## Task goal
Quote the whole listing word for word. Do not include the pictures.

Available data section start

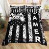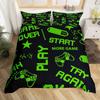 Gamepad Duvet Cover Set Queen Video Game Twin Bedding Set Microfiber Green Cartoon Gamer Pattern Electronic Theme Quilt Cover
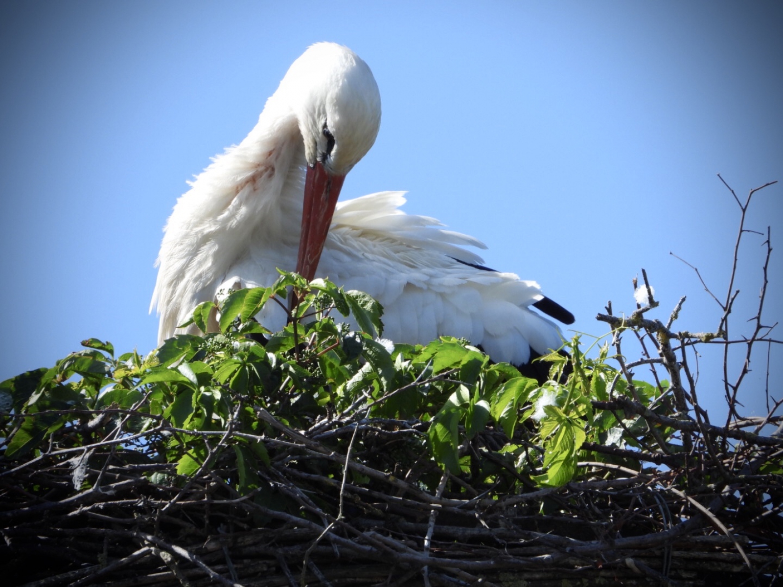 Op een heerlijke zomerdag in juni geniet deze ooievaar van de zon in het prachtige Retranchement in Zeeuws Vlaanderen.
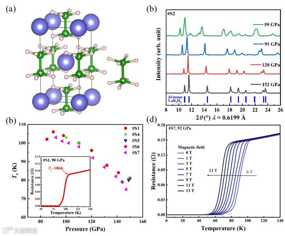 自上世纪初发现超导现象以来,寻找高温超导材料一直是人们不断追求的目标。近年来,氢基超导体的理论和实验研究被广泛开展。在2014年,研究者发现H3S在高压下的超导转变温度(Tc)可达到203 K,打破此前铜氧化物保持的纪录。随后,2019年,美国和德国的两个研究组分别独立报道了LaH10具有高达250-260 K的接近室温的Tc,再一次刷新记录。然而,拥有高Tc的富氢化合物都必须要超过百万大气压的超高压条件才能稳定,这极大的限制了此类超导材料的应用,能否制备出同时拥有高Tc和在较低压力下稳定的氢化物,是目前氢化物超导材料研究的重要挑战之一。
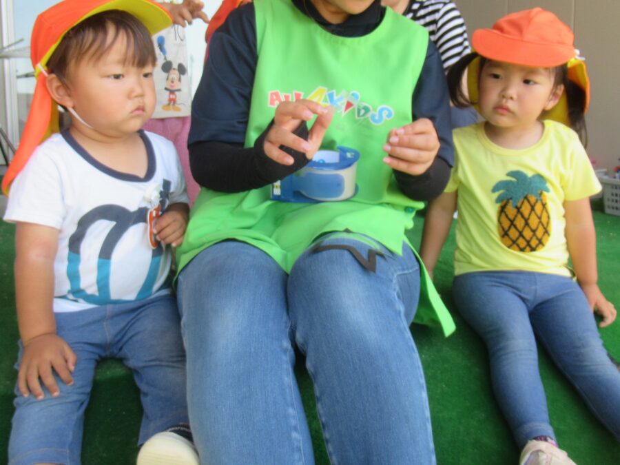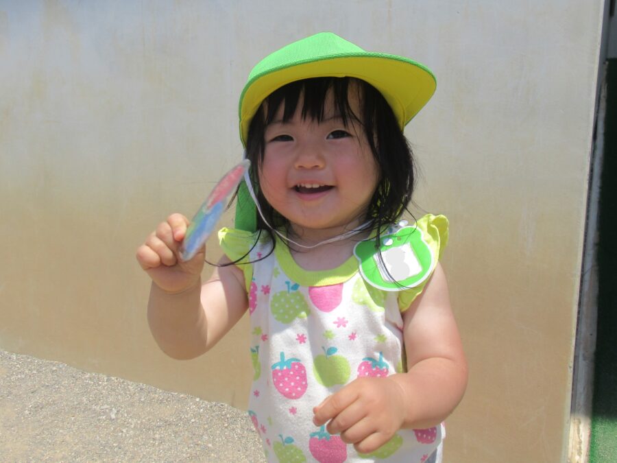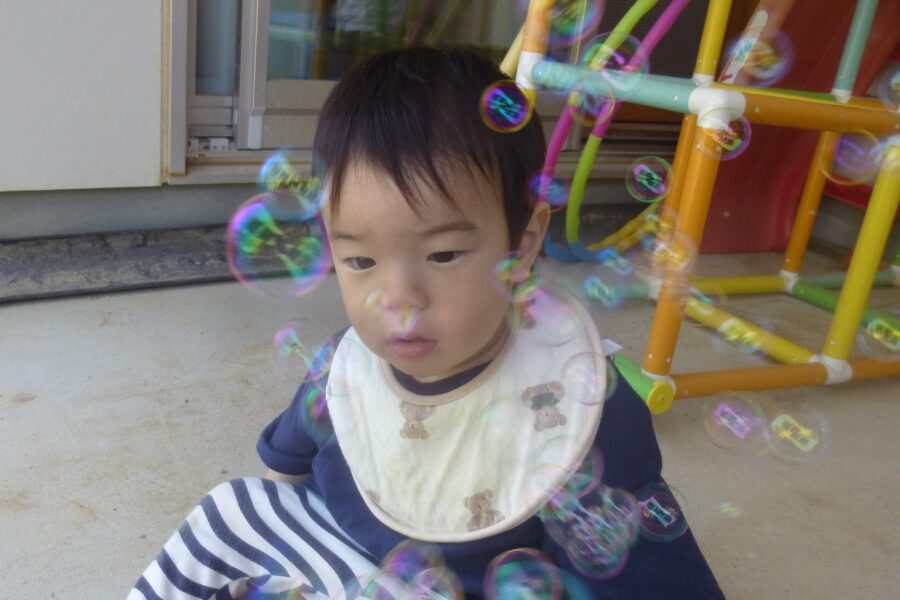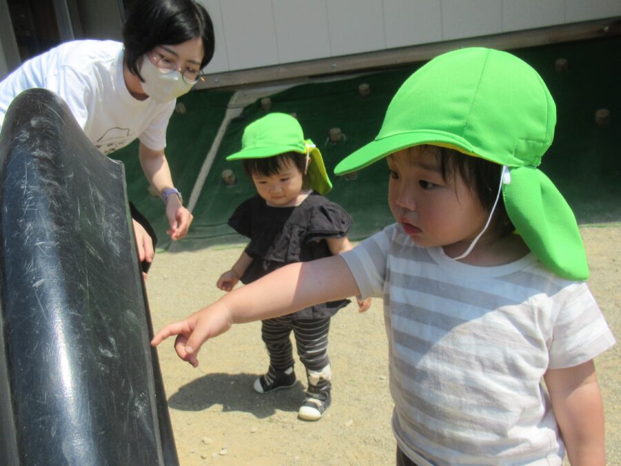 乳児園庭ではしゃぼん玉やコンビカーで遊びました![]()

Available data section end

## Expected answer
 Gamepad Duvet Cover Set Queen Video Game Twin Bedding Set Microfiber Green Cartoon Gamer Pattern Electronic Theme Quilt Cover
 Op een heerlijke zomerdag in juni geniet deze ooievaar van de zon in het prachtige Retranchement in Zeeuws Vlaanderen.
 自上世纪初发现超导现象以来,寻找高温超导材料一直是人们不断追求的目标。近年来,氢基超导体的理论和实验研究被广泛开展。在2014年,研究者发现H3S在高压下的超导转变温度(Tc)可达到203 K,打破此前铜氧化物保持的纪录。随后,2019年,美国和德国的两个研究组分别独立报道了LaH10具有高达250-260 K的接近室温的Tc,再一次刷新记录。然而,拥有高Tc的富氢化合物都必须要超过百万大气压的超高压条件才能稳定,这极大的限制了此类超导材料的应用,能否制备出同时拥有高Tc和在较低压力下稳定的氢化物,是目前氢化物超导材料研究的重要挑战之一。
 乳児園庭ではしゃぼん玉やコンビカーで遊びました![]()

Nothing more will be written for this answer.